The most compelling argument for Thrift is its safety. Thrift guarantees safety by binding services to use strict contracts. The contract describes how to interact with that service including how to call service procedures, what inputs to provide, and what output to expect. In the following Thrift IDL we have defined a service Zoo with a function makeSound that takes a string animalName and returns a string or throws an exception.
Adhering to a strict contract means less time is spent figuring out how to communicate with a service and dealing with serialization. In addition, as a microservice evolves we do not have to worry about interfaces changing suddenly, and are able to deploy services independently from consumers. This is very good news for Uber engineers. We’re able to move on to other projects and tools since Thrift solves the problem of safety out of the box.
Lastly, we drew inspiration from fault tolerance and latency libraries in other companies facing similar challenges, such as Netflix’s Hystrix library and Twitter’s Finagle library, to tackle the problem of resiliency. With those libraries in mind, we wrote libraries that ensure clients are able to deal with failure scenarios successfully (which will be discussed in more detail in a future post).
Tradeoffs and Where We’re Headed
Of course, no solution is perfect and all solutions have challenges.
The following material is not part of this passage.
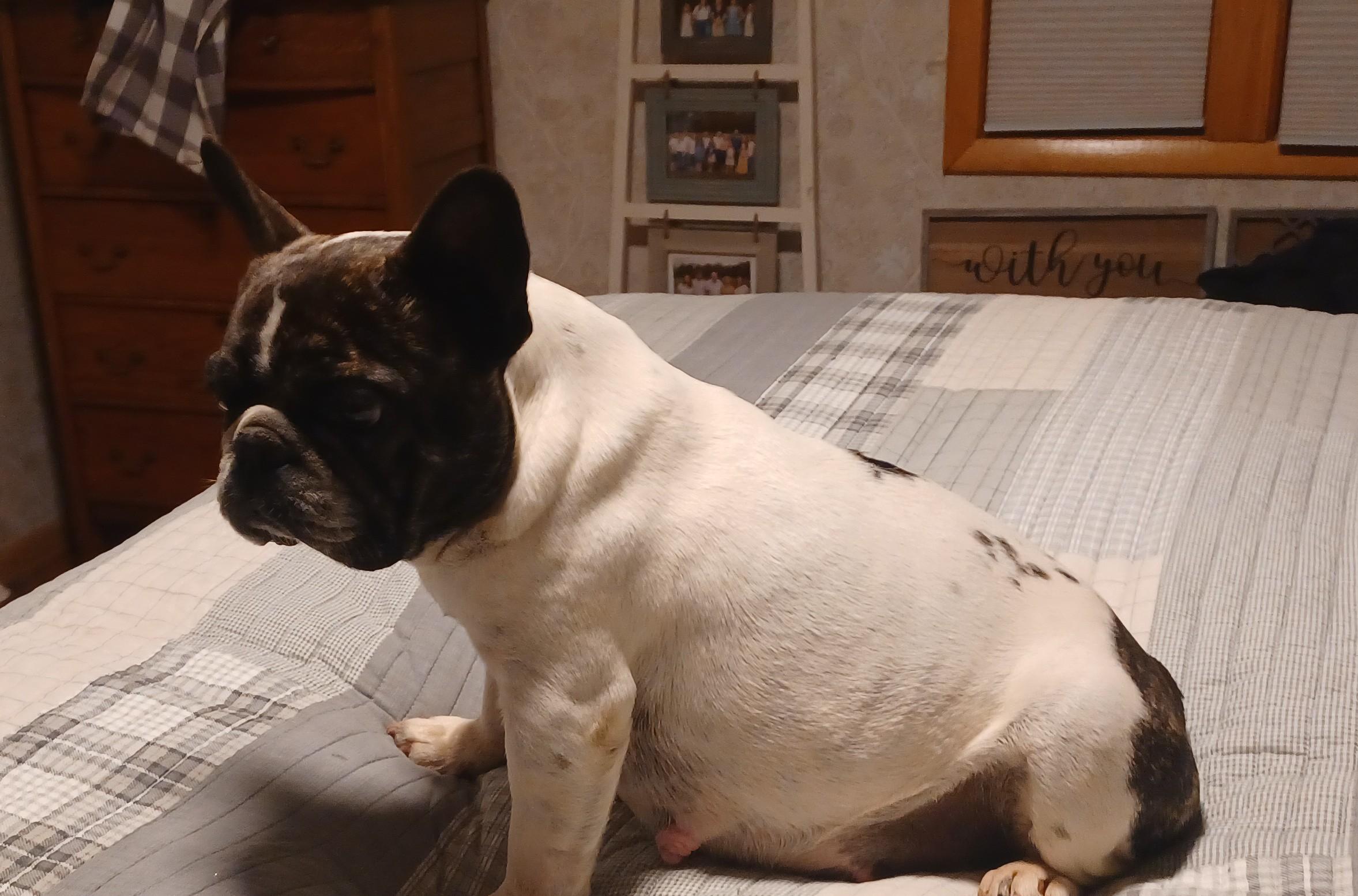 Pig is a female French Bulldog. Carefully selected as a great representative of her breed, Tina decided to make her part of their program. Tina has passed Good Dog’s screening process, which involved a review of their breeding practices, environment, and the mental and physical health of their dogs.

Unfortunately, Thrift’s toolset is relatively young and tools for Python and Node are not abundant. There is a risk that a lot of time will be invested in creating these tools. Additionally, there is no higher-level support for headers. Authentication and cross-service tracing, for example, are two challenging problems since higher level meta-data would be passed in every time.
Dismantling our well-worn monolith has been a long time coming. While it has been a key component that enabled our explosive growth in the past, it has grown cumbersome and difficult to scale further and maintain.
Our goal for the remainder of 2015 is to get rid of this repo entirely—promoting clear ownership, offering better organizational scalability, and providing more resilience and fault tolerance through our commitment to microservices.